The Walentas family and Two Trees are a different breed from most of the condo and apartment developers Williamsburg has seen. Most Williamsburg developers have built quick and cheap and prefer to rent their commercial spaces to the highest bidding Duane Reade and Chase branches (if there is any retail space at all) and get out while the getting is good. In DUMBO, Two Trees has followed a very different path of long term investment and what I call “Jane Jacobs Gentrification.” Rather than rent every space to the highest bidding chain store, Two Trees often lowers rents in pursuit of character and “authenticity” (as Sharon Zukin would put it). Two Trees deliberately subsidizes a variety of art galleries and small independent restaurants and shops. It was Two Trees played White Knight to Williamsburg’s own Galapagos Art Space by offering an affordable refuge. But it is not an act of charity – the underlying belief is that these kind of cultural consumption spaces will greatly enhance the value of the residential real estate in the long term. So a Two Trees version of “The New Domino” may offer much more in the way of dedicated spaces for cultural capital like art galleries and performance spaces

But what about affordable housing?
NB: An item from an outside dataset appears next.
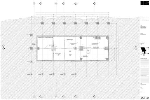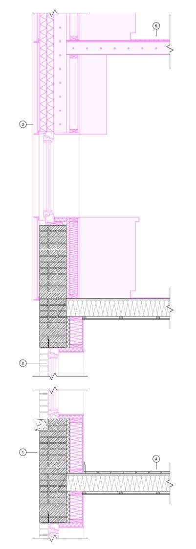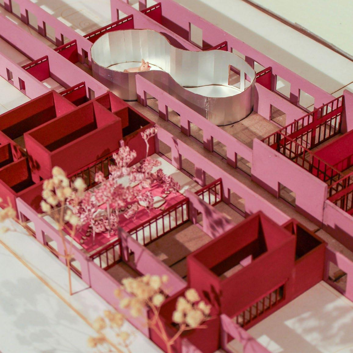 Several thick pink CMU walls are stretched across the site, continuing pre-existing lines of structure. Larger gaps between these walls are flexible spaces with varied elevational relationships. These are supported by smaller service spaces that might contain kitchens or workshops. Portals are cut into these walls as a means to allow for rooms to bleed free-
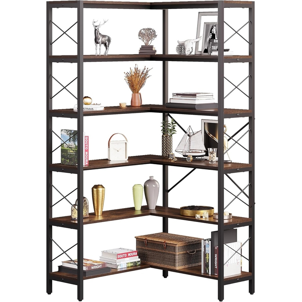L-Shaped 6-Tier Corner Bookshelf with Adjustable Feet, Industrial Style Metal Frame for Home Office Storage

As we’ve shown in detail in our film, the Community Preservation Corporation’s plans were never the panacea that the company presented them as. Only 100 of the “660” units would have actually been affordable to the majority of Williamsburg households. And more importantly for Two Trees, CPC’s presented plan for affordable housing is not locked in to the zoning – only 20% affordable housing will be legally required. Since Two Trees has yet to respond publically, it is an open question whether or not they will pursue CPC’s promised 30% or the legally required 20%, or what mix of affordability levels will be included. Two Trees has a very mixed record of community relations in DUMBO.  Two Trees has developed “affordable housing” before – such as in the 20% affordable housing building at 125 Court Street in Downtown Brooklyn – but it has not been a major part of their business thus far.
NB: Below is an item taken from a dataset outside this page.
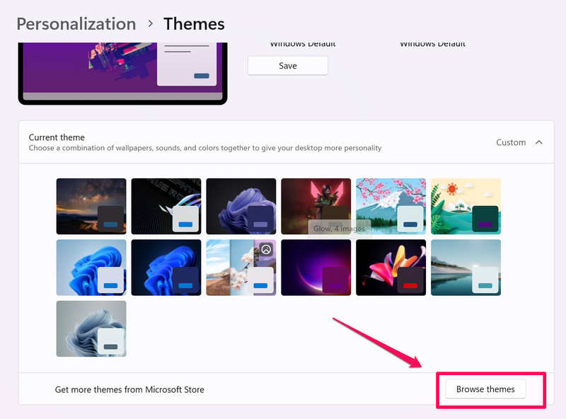 Bu temalar bir dizi yüksek çözünürlüklü duvar kağıtları ile birlikte gelir ve temaları cihazınıza uyguladıktan sonra otomatik olarak aralarında döner. Bu nedenle, Windows 11 PC'nizin veya dizüstü bilgisayarınızın duvar kağıtlarını otomatik olarak değiştirmesine izin vermek için Microsoft Store'dan temaları bulmak ve kullanmak için aşağıdaki adımları izleyin:
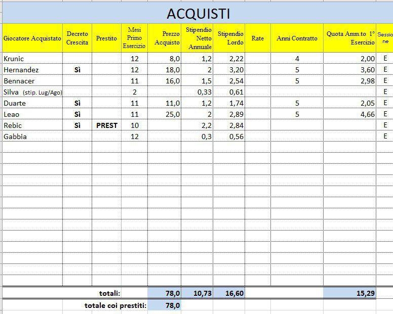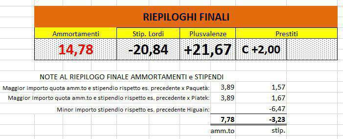 - Quanto ai Riepiloghi Finali nella cella che riguarda gli ammortamenti, così come in quella che riguarda gli stipendi, si tiene conto come aggravio la circostanza che Paquetà e Piatek hanno pesato sullo scorso esercizio contabile all’incirca per la metà del loro costo effettivo annuale perché tesserati nella sessione invernale. Sempre sugli stipendi, viene considerato risparmio il semestre riguardante Higuain per 3,5M netti.

With regards to affordable housing, the largest threat from Two Trees may come from an aggressive push to redevelop the surrounding neighborhood of Southside Williamsburg. Consider the current leader of Two Trees, David Walentas’ son Jed’s comments to the New York Times earlier this year”

“Unlike someone on Wall Street, who can make a lot of money in New York and then move on,” he said, “we are in it for the long term…for it to be successful, the neighborhood needs to be successful.”

If we go by the standard of “successful” Walentas has pursued in DUMBO, this means the displacement of working class residents, artists, and industrial spaces and their replacement by high-end residences and cultural consumption spaces like art galleries and expensive boutiques. Of course this is already happening in Williamsburg, but the neighborhood has never experienced a developer like the Walentas who will engage on the neighborhood level rather than site by site.

How will Williamsburg respond to a single-minded developer investing long term in the transformation of the entire area? This is a different beast than Williamsburg has encountered before, a new challenge but perhaps a new opportunity as well.